Herb looked imploringly toward his wife. “What are we going to do with them?”

“Kill them.”

“What about the pictures and fingerprints they're sending to Florida?”

“They haven't sent them yet. All they had were suspicions until she made a lucky guess. I guarantee they haven't told anyone else about this.”

“You're being very foolish,” Will said. “You've killed three people. You can't kill two more and expect to get away with it. Someone else will begin to put things together just like we did.”

“He's right, Toby,” Herb said. “We can't bury them under the snow with Dad. Their movements will be traced when they're missing, there will be a search.…”

“Shut up and let me think,” she snapped.

“Why did you kill your father?” L.C. asked.

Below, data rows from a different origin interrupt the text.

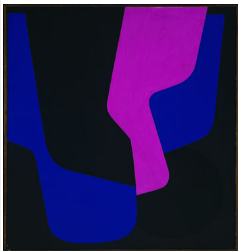
Victor Vasarely, Darjeeling, 1952, Mumok © Victor Vasarely ADAGP, photo museum moderner kunst stiftung ludwig wien, SABAM Belgium 2013

Vasarely entame bientôt un deuxième cycle de peintures intitulées Denfert où s'enchaînent les formes souples et tendues complétées de combinaisons colorées raffinées dont témoigne le tableau Darjeeling. Viennent ensuite, mais en réalité les choses sont quasiment simultanées et se recoupent les unes les autres, les périodes dites Gordes et Cristal où s'affirme son style, davantage fondé sur les verticales, les horizontales et les obliques à 45°, les surfaces bien délimitées, les couleurs ramenées à une dominante et à des variations, une facture neutre, une surface mate. Vasarely affirme un parti, celui de la verticalité, la verticalité du plan assimilé au mur, la verticalité de la composition [...]. Ces œuvres s'imposent par leur équilibre, leur clarté et leur monumentalité [...].
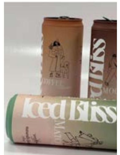
Eigenes Design auf Dosen
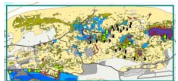
Das neu entwickelte Feuchtklassen-System mit Gefährdungsgraden der Vegetation
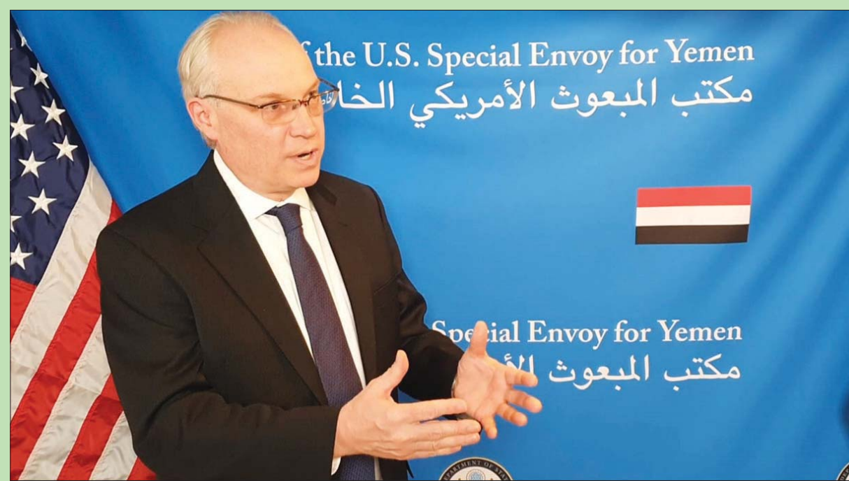
المبعوث الأمريكي لليمن متحدثاً مع «التشرق الأوسط» خلال المشاورات اليمنية - اليمنية في الرياض مطلع أبريل الحالي

على رأسها حزب المؤتمر الشعبي العام، وتجمع الإصلاح، والمجلس الانتقالي الجنوبي، غداً تغييراً كبيراً في ميزان القوى الداخلي. المنطقة، بات من الطبيعي ليس فقط تغييراً لدى اليمنيين، بل تغييراً أميركياً في مقاربة الأزمة اليمنية، عبر الإشارة إلى الجهة التي تتحمل المسؤولية عن إطلاتها، في ظل براغماتية واشنطن تأخذ في الاعتبار أن غياب الحوثيين سيكون قضيلاً، في ظل الدعم الذي تقدمه مع القوى الدولية، للجهود التي يبذلها المبعوث الأممي، لمشروع استعادة الدولة اليمنية.
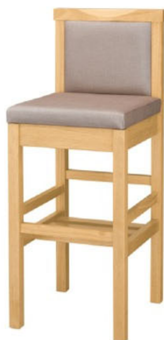
2010-1905 宇陀N スタンド椅子 張地: シルキーラスタルUP-5243 (B)
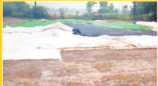
దుమ్మగూడెం: ధాన్యం రాశులపై కప్పిన పరదాలు
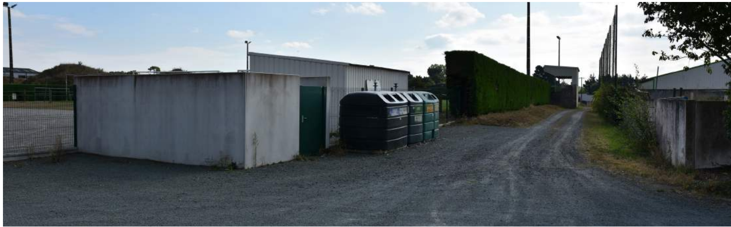
VUE 1 EXISTANT : vue Sud-Ouest depuis le futur parking vers l'entrée principale

“I didn't mean to kill him. It was an accident. It happened in the sunroom on the day he retired. He was sitting in the wicker chair as I worked on the pigs. He was telling me how things were going to be. He had always run my life, made Toby and me live with him, kept me as head teller for twenty years; and he said he intended running our lives in retirement and then from the grave. Raleigh was to be made president of the bank, and all Dad's money was going into an irrevocable trust fund to be doled out monthly. It would be the same as if he were still here. We argued, and he only kept shaking his head until I threw the pig at him. Unfortunately it was a brass one. It hit him on the head, he gave one sigh, and died. I hadn't intended to kill him.”

“You should have come to me then,” Will said. “It would have been a charge of manslaughter. You might have gotten off with a suspended sentence.”

“We would have been ruined,” Toby said. “Herb would have been let go from the bank, and spent the rest of his life polishing his silly pigs. I would have been known all over town as the woman married to the man who threw a brass pig at his father and killed him.”

“And so you tied him under the dock,” L.C. said.

“The boat had already been taken to Florida. As soon as we could get it back we were going to bury him at sea.”

“Then you dug Louis from his alley and convinced him to go to Florida in the place of Wadsworth.”

“Didn't take much convincing, a promise of a warm place and all he could drink,” Toby said. “I took him down to the condominium and kept him locked in the apartment. We gave him all the liquor he wanted, probably more than he wanted.”

“Then Mauve Bridger had to die because she saw the body.”

“She deserved to die,” Toby said vehemently. “That whoring slut. I could watch men go into her house during the day. Sometimes even see her with them in the bedroom if she forgot to pull the blinds. She was an evil woman who flaunted her sex.”

“Toby was in Florida when I saw Mauve fall through the ice. She had to be killed,” Herb said.

“Since her clothes were wet, you put them in the dryer.”

“Yes. It worked out beautifully when you arrested Raleigh.”

“But you had been made president of the bank,” L.C. said.

Toby grimaced. “Which is why that thing with me in Florida couldn't die too soon. It had to be timed perfectly. First we put out word that Wadsworth was ill, failing, unable to attend the board of director's meetings. He would have to make his preference for his successor known by mail. The board was always a rubber stamp for Wadsworth. Once we notified them that Herb should be elected president, the vote was unanimous.”